• **TASK STATEMENT**: Only the lines from the start of the data through the line containing "Уютная квартира - студия" should be written out, exactly as they are, with both ends included and the pictures left out.

━━━━

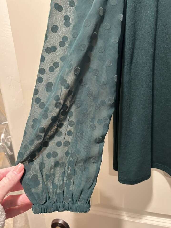 VenmoLike new worn once Ann Taylor Loft long sleeve dark green round neck shirt. Women’s size XS. Gathered puff shoulders at the top of sheer long sleeves with velvet polka dot circle. Elegant and practical. Elastic wrist bands allow for 3/4 length option as well. Clean smoke free home. No flaws stains or defects. Perfect for any party or celebration. Cash or Venmo. Porch pick up from Alpine.
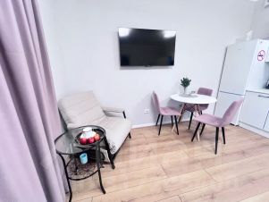 Уютная квартира - студия в новом доме, все новое! Квартира оснащена всем необходимым для комфортного проживания: мебелью, техникой, интернетом, постельным бельём, полотенцами, средствами гигиены и посудой..
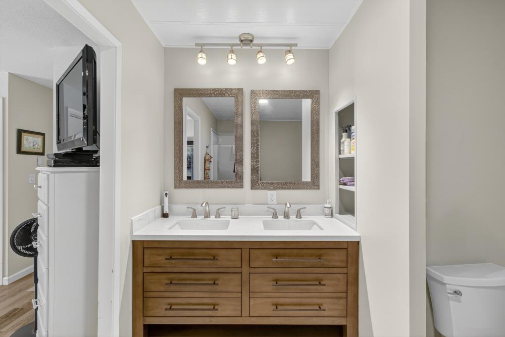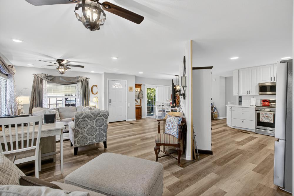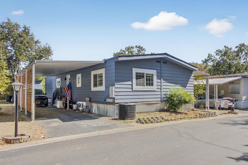Welcome to 2933 Glenwood, a beautifully updated home in the desirable Hidden Springs Mobile Villa, a vibrant 55+ community just minutes from historic downtown Placerville. As you walk up to the home you will see feature your full BACKUP GENERATOR that has been installed to ensure year round comfort in the event of a power outage. This thoughtfully remodeled residence combines modern style with comfort and convenience. Entering from your covered patio you will see bright, open interiors that are highlighted by newer vinyl windows, updated lighting, an electric fireplace, and a combination of LVP & tile flooring throughout. The kitchen is designed with entertaining in mind, featuring stone countertops and re-finished cabinetry. Heading down the hallway the two spacious bedrooms and two upgraded bathrooms offer both comfort and elegance with new vanities and finishes. Heading back outside you'll see a very low maintenance freshly landscaped yard surrounded by scenic views. A large storage shed sits behind an expansive covered parking space for 2 vehicles. To top it all off your community clubhouse offers a plethora of activities, a pool & spa, gym, and plenty of common areas to share with your neighbors and friends. Experience style, convenience, and community living all in one stunning home.
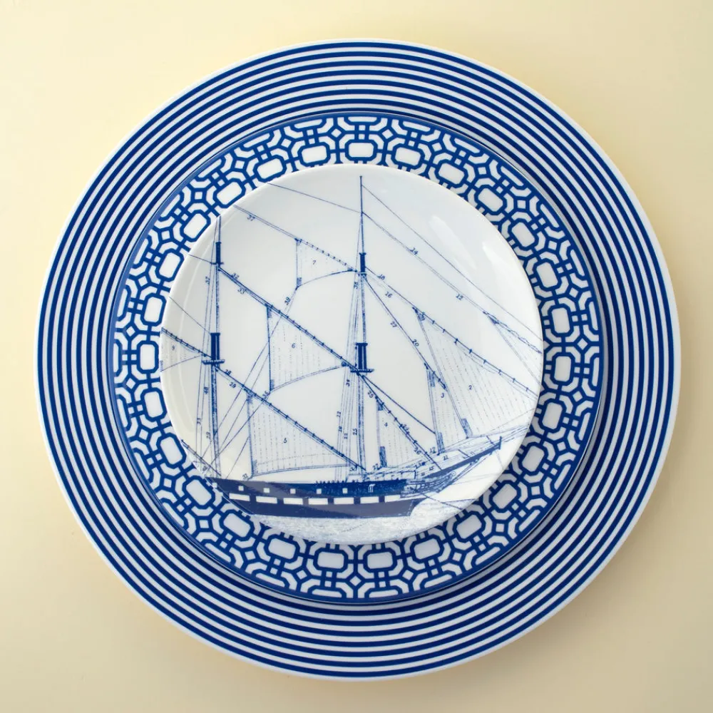 In celebration of America’s nautical heritage, our set of four canapé plates showcase vintage illustrations once used to show sailors the riggings of historic wooden ships. Nostalgia for these merchant ships from long ago are sure to please a sailing aficionado. These plates lend a sophisticated accent to parties and offer seaworthy durability for everyday use.
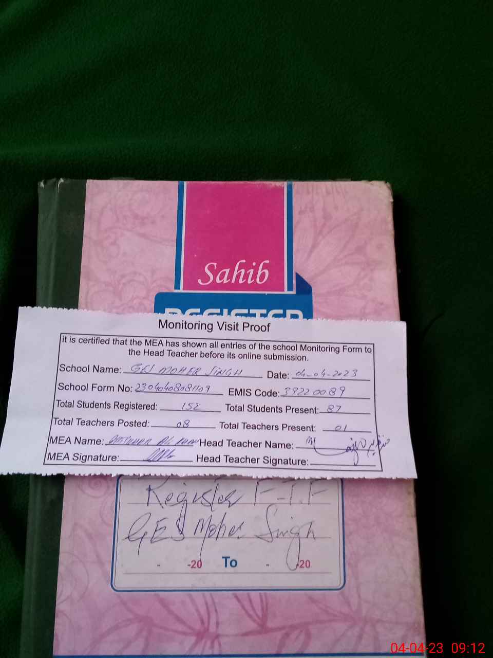 | Attendance Register | Head Teacher | MEA with School | Visit Proof |
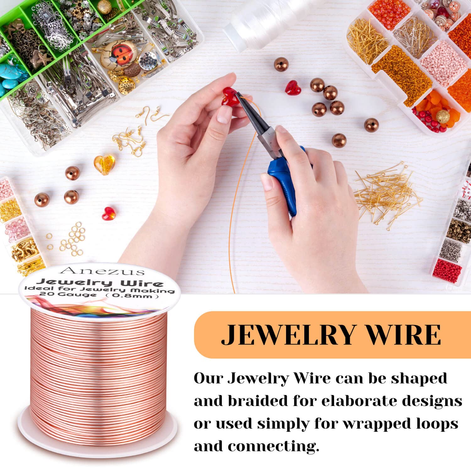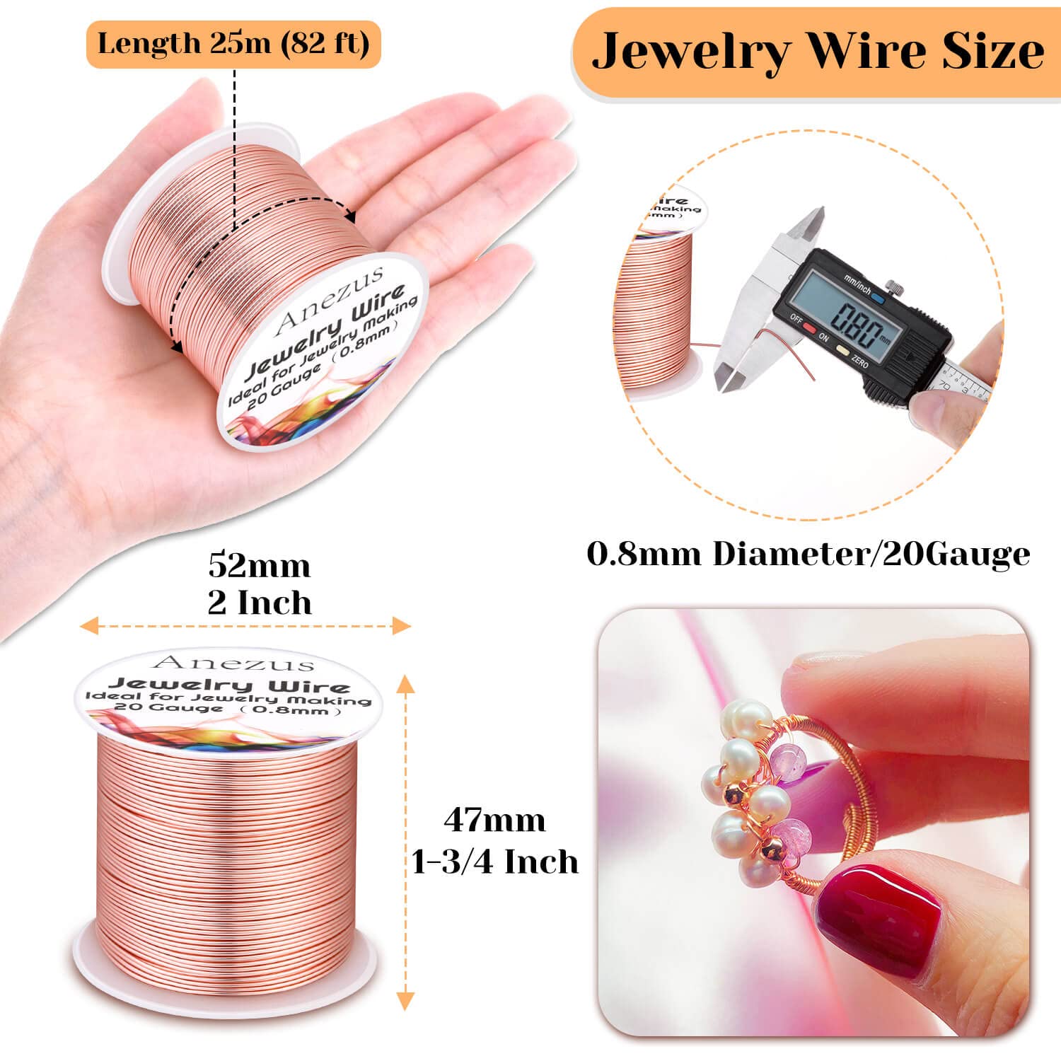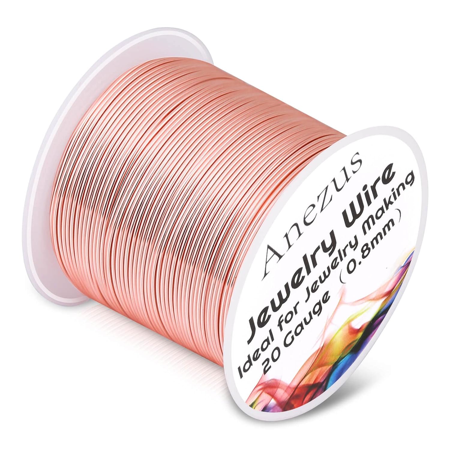 Alambre para joyas de calibre 20, alambre Anezus de oro rosa para manualidades, resistente al deslustre, alambre de cobre para hacer joyas, suministros y manualidades (oro rosa, 30 yardas/25 metros)
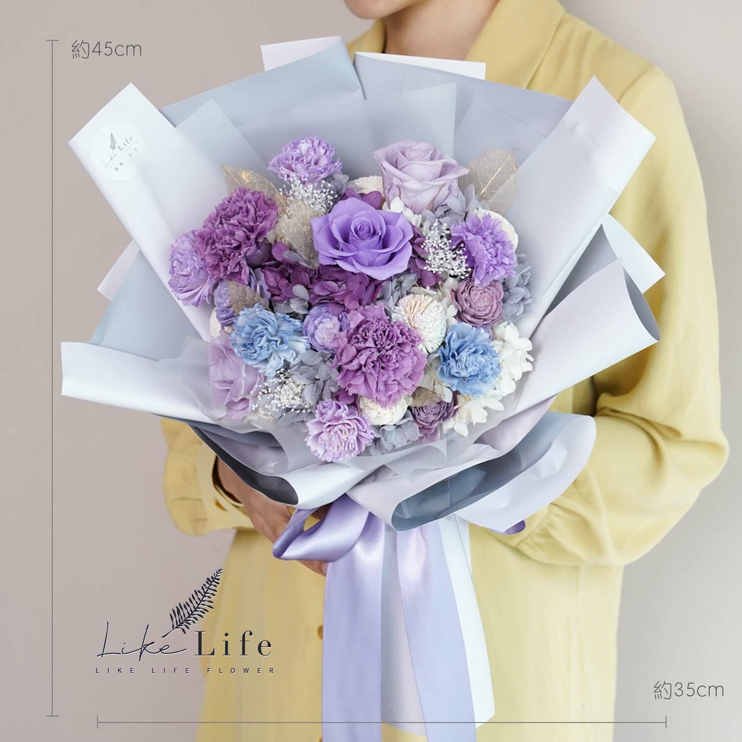 ※永生花是將玫瑰花,透過脫水與風乾的專利技術,保持著鮮花外觀和水份組織,不需要澆水和曬太陽,維持乾燥環境就可保存2~3年以上
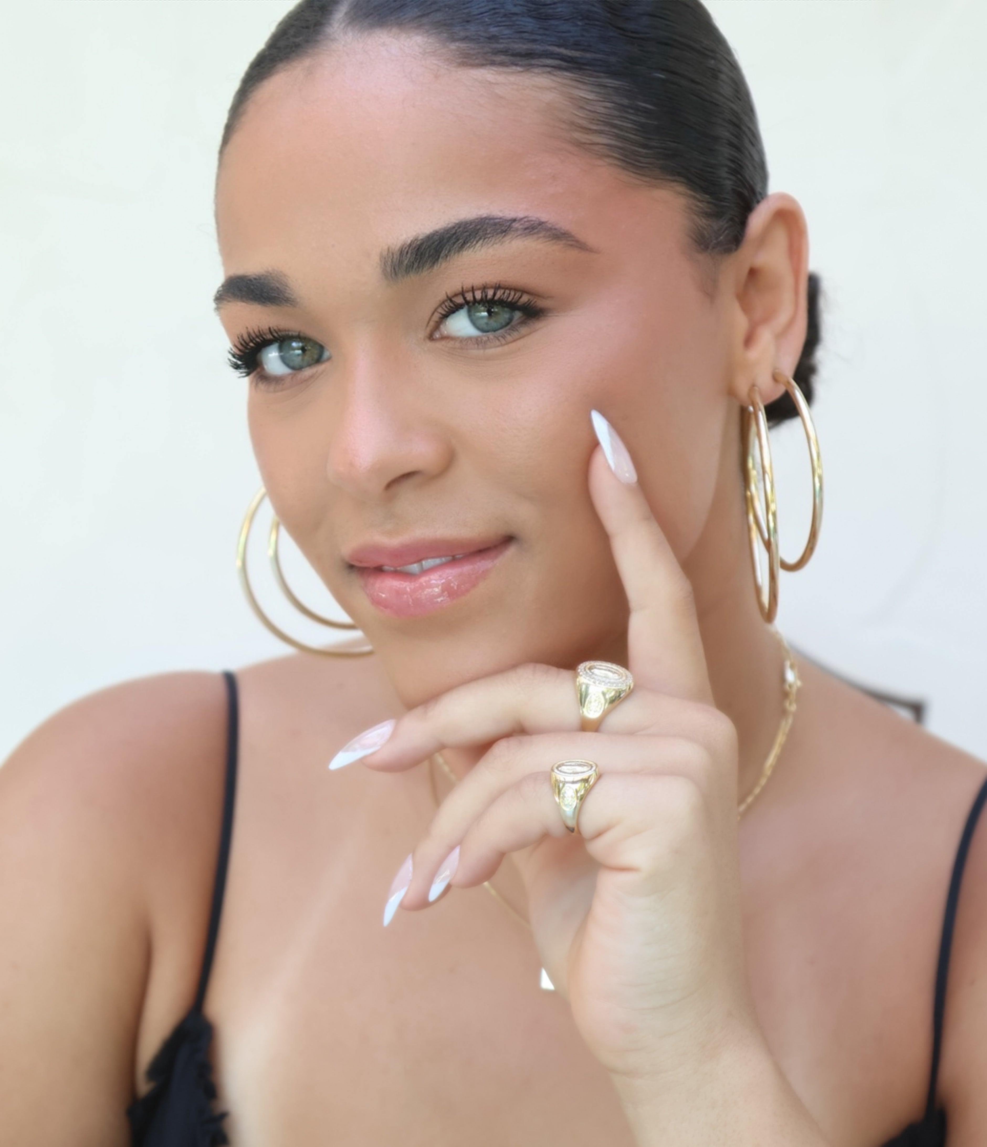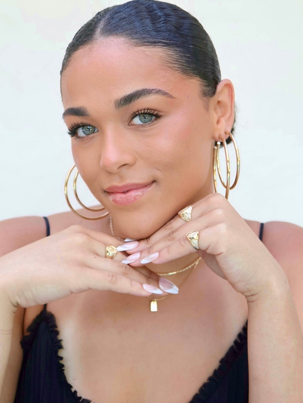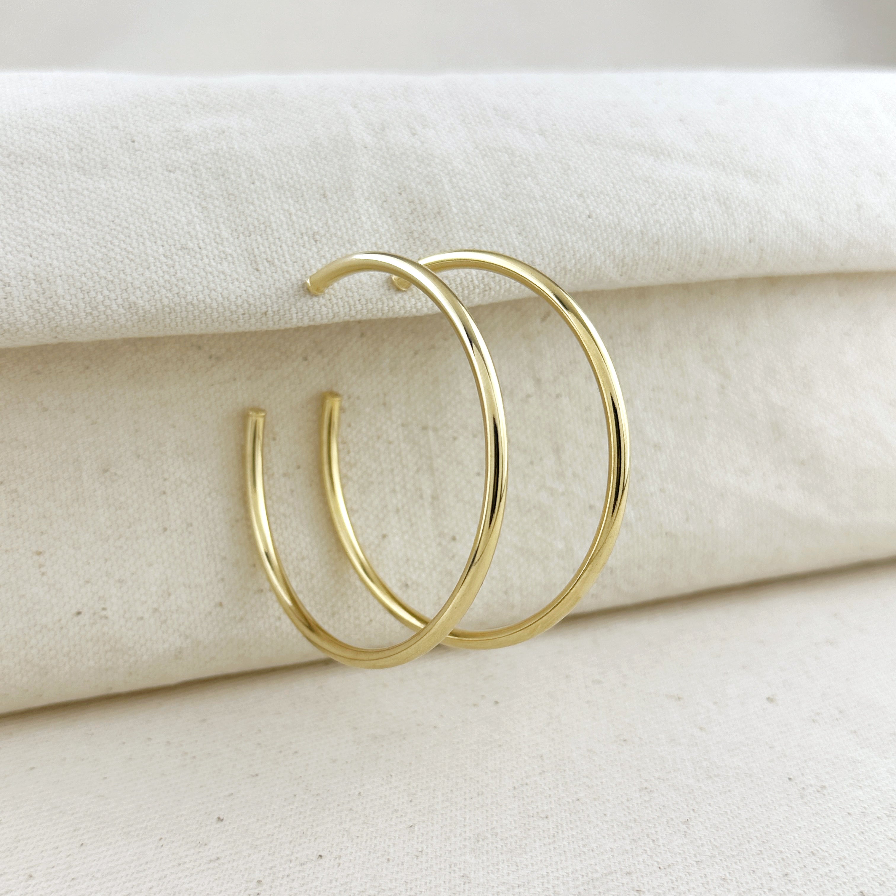 Model is wearing 60mm and 70mm hoops

━━━━

• **OUTPUT OF THE EXERCISE**:
 VenmoLike new worn once Ann Taylor Loft long sleeve dark green round neck shirt. Women’s size XS. Gathered puff shoulders at the top of sheer long sleeves with velvet polka dot circle. Elegant and practical. Elastic wrist bands allow for 3/4 length option as well. Clean smoke free home. No flaws stains or defects. Perfect for any party or celebration. Cash or Venmo. Porch pick up from Alpine.
 Уютная квартира - студия в новом доме, все новое! Квартира оснащена всем необходимым для комфортного проживания: мебелью, техникой, интернетом, постельным бельём, полотенцами, средствами гигиены и посудой..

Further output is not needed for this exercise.